Why is it that this easily read book feels so slight, despite competent writing and the neat employment of events that move from St Petersburg to Paris and finally to Adelaide – apart from the fact that its large, open type disguises its brevity? It may be because McConnochie, according to the blurb, ‘works in television as a scriptwriter and editor’. Why The Snow Queen does not satisfy might be sheeted home to the faults of virtues that do not stretch to prose fiction. (Is it in order to persuade us that there is a novelist hunched over her desk that the chapter numbers are written out in copperplate, using the kind of thick nib designed for italic handwriting?) It resembles a ‘treatment’, in which all the potential is laid out but not come to grips with, a sense only strengthened when I searched out some reviews of McConnochie’s first novel, Coldwater (2001), which I haven’t read, and which displaced the three Brontë sisters and their harsh father, all now surnamed Wolf, onto an island penal colony off the coast of Australia. Both these reviews and The Snow Queen have the ring of bright ideas that would make good television screenplays. For the latter, the scenes would be set out as follows: ‘1973 – Teddy (Edward Larwood) arrives back in Adelaide after forty-odd years abroad to direct, by invitation, ‘Ballet South’, a brand new company. Switch to old lady with passionate heart and rich husband (the older Galina), who bitterly resents this development and makes her feelings plain at a dinner party for twelve, reviling Larwood over the fondue. Galina decides to write a memoir: flashback to the Imperial Ballet School etc.’ Very picturesque.

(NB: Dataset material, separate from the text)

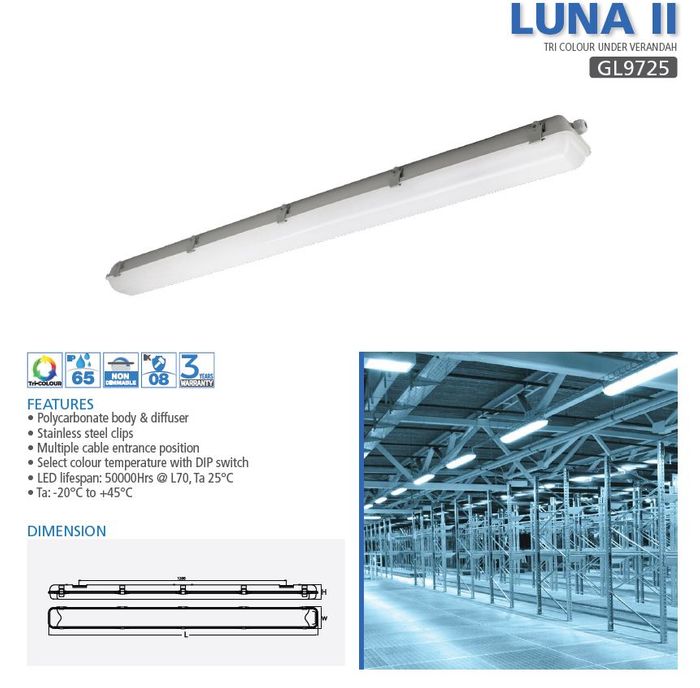 UNDER VERANDAH LED 60W 1.5M TRI-COLOURIP65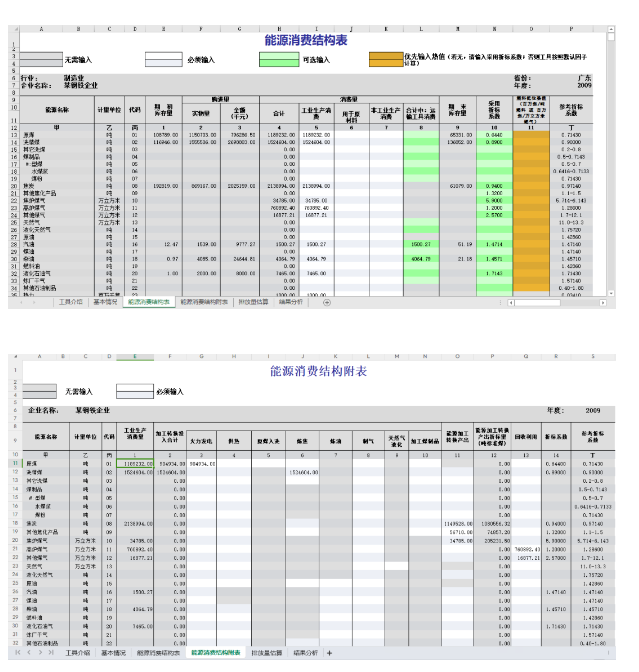 1、中国能源消耗碳排放计算工具excel能源消费结构表排放量估算结果分析

But what happened to the editing in the paragraph where Galina falls through the ice while skating? ‘There was no one near me, no one had seen me fall.’ A few lines later, we learn: ‘Someone had seen me go through …’ A dramatic, if contradictory, rescue can take place. Flash forward and change scene to Teddy and his stereotypically conventional sister’s Christmas dinner. Flashback to Galina’s defection to the Paris Opera in 1918. You get the picture. Or rather, you don’t, because what you actually get is the novel, much of it told through Galina’s memoir, in which McConnochie faithfully reproduces the stilted English of a non-native speaker. Moreover, because of her austere view of what is proper, Galina does not tell the whole story; the memoir omits the real issue – the secret springs of what she felt for Teddy, and he for her. These feelings never quite mirrored each other, as we ultimately find out (and I don’t want to give away the whole story), but somewhere along the line an opportunity seems to have been missed. Can you write a novel based on a book-within-a-book, when the former leaves out, for reasons of character, the truly gripping bits? It seems to result in little dramatic tension and a great deal of recounting, interspersed towards the end with dribbles of explanation.
I am sure there will be an audience for The Snow Queen – particularly balletomanes and Adelaideans – and the romantic cover will enhance the bookstands. But it will not advance the cause of the Australian novel.